SmartNoise was established as a collaboration between Harvard’s Institute for Quantitative Social Science (IQSS) and Microsoft. SmartNoise’s platform ensures data is kept private while enabling researchers from academia, government, non-profits, and the private sector to gain new insights that can rapidly advance human knowledge. As an open-source initiative, researchers can use the platform to make their own data sets available to other researchers worldwide.
The toolkit injects noise into data to prevent disclosure of sensitive information and manage exposure risk.
Insights from datasets can help solve complex problems in areas such as health, the environment, economic inequality, and more. Unfortunately, because many datasets contain sensitive information, legitimate concerns about compromising privacy currently prevent the use of informative data. By injecting random noise into statistics computed on the dataset, differential privacy techniques make it possible to extract valuable insights from datasets while safeguarding the privacy of individuals.

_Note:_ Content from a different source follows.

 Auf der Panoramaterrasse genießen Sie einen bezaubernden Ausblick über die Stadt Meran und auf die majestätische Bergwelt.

Unfortunately, the high complexity surrounding the use of differential privacy has made these tools cost-prohibitive for civil society and non-profit organizations to implement. As argued by Feldman et. al, when using differential privacy, “the trade-off between accuracy and privacy is not straightforward. Indeed, a major area of research in differential privacy is figuring out techniques that can improve that trade-off, making it possible to give stronger privacy guarantees at a given level of noise, or less noise at a given level of privacy.”1 Consequently, practical adoption of differential privacy remains slow despite increasing demand from government agencies and research communities.

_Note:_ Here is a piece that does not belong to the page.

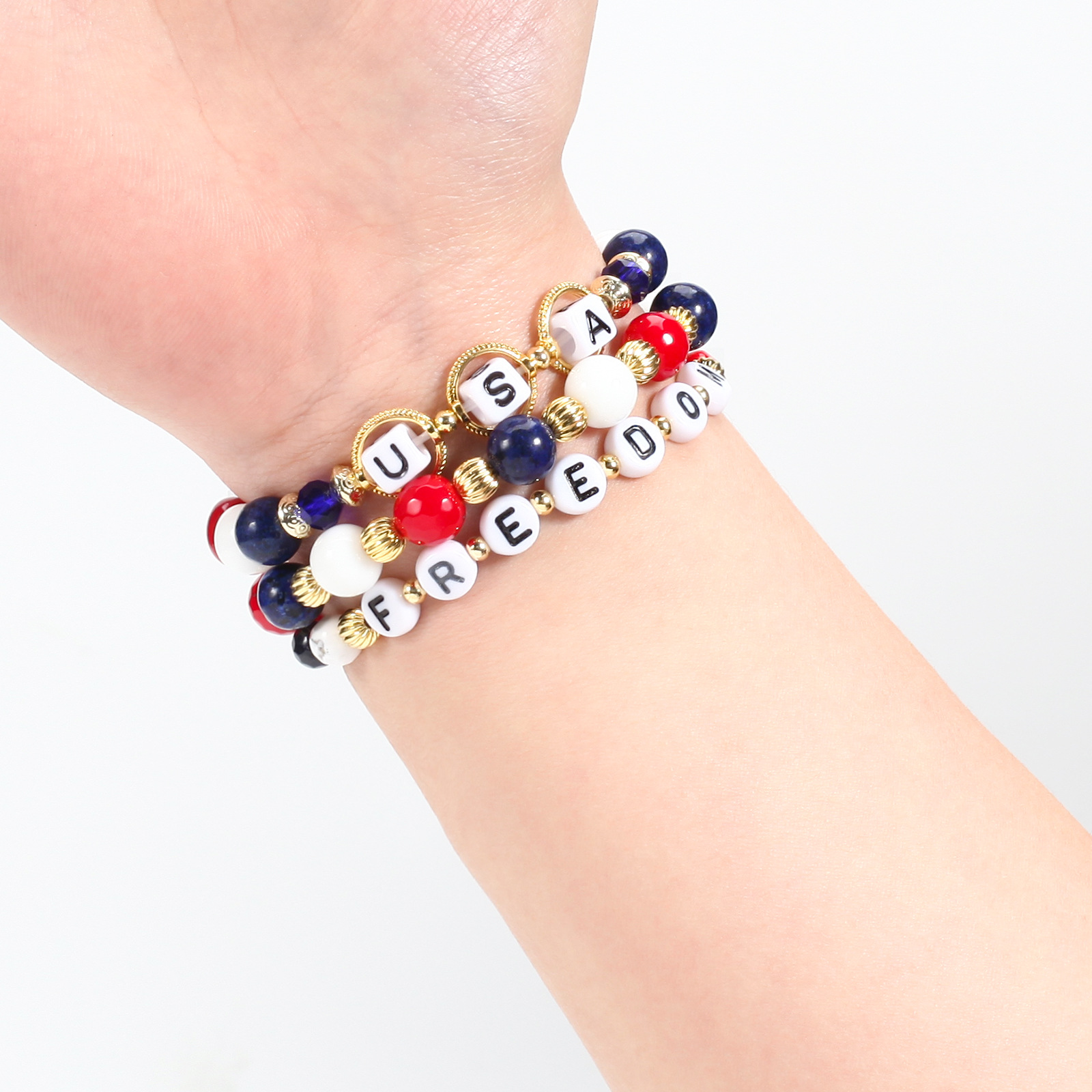 | nameOriginal | European and American cross-border exclusive American Independence Day bracelet bracelet suit natural stone beaded letters USA in stock wholesale |

The toolkit is designed to be a layer between queries and data systems to protect sensitive data.
SmartNoise created a trustworthy suite of differential privacy tools that serve as a public resource for any organization wanting to use differential privacy. SmartNoise focuses on supporting scientifically-oriented research and exploration in the public interest through enabling archival data repositories to take on sensitive data, allowing safe sharing of data from government agencies and companies with researchers, and increasing the robustness of research findings. SmartNoise seeks to make data more accessible and usable and empower researchers to simply and confidently deploy differential privacy tools.
The collaboration between industry and academia allows SmartNoise to create scalable frameworks and tools for companies to share data with university researchers in a secure and privacy-preserving way.
SmartNoise implemented its tools in both businesses and government agencies. Microsoft has deployed differential privacy tools in technologies such as Windows and Workplace Analytics. Companies, including Facebook, have also been more willing to make datasets available to researchers through the OpenDP platform.
SmartNoise has been used to study student outcomes by granting researchers access to education data from California and Texas. Broadband usage data has also been unlocked to help the Federal Communications Commission and policymakers expand internet access to under-served communities and bridge the digital divide.
To alleviate the cost of adoption, SmartNoise launched an early adopter acceleration program aimed to help civil society and non-profit organizations leverage differential privacy tools without the need to build their own code or platform. SmartNoise experts will provide technical assistance to incorporate differential privacy into the data-sharing processes of projects where unlocking data or insights will benefit society.
¹ Vitaly Feldman et al., “Differential Privacy: Issues for Policymakers,” June 29, 2020, https://simons.berkeley.edu/news/differential-privacy-issues-policymakers ↩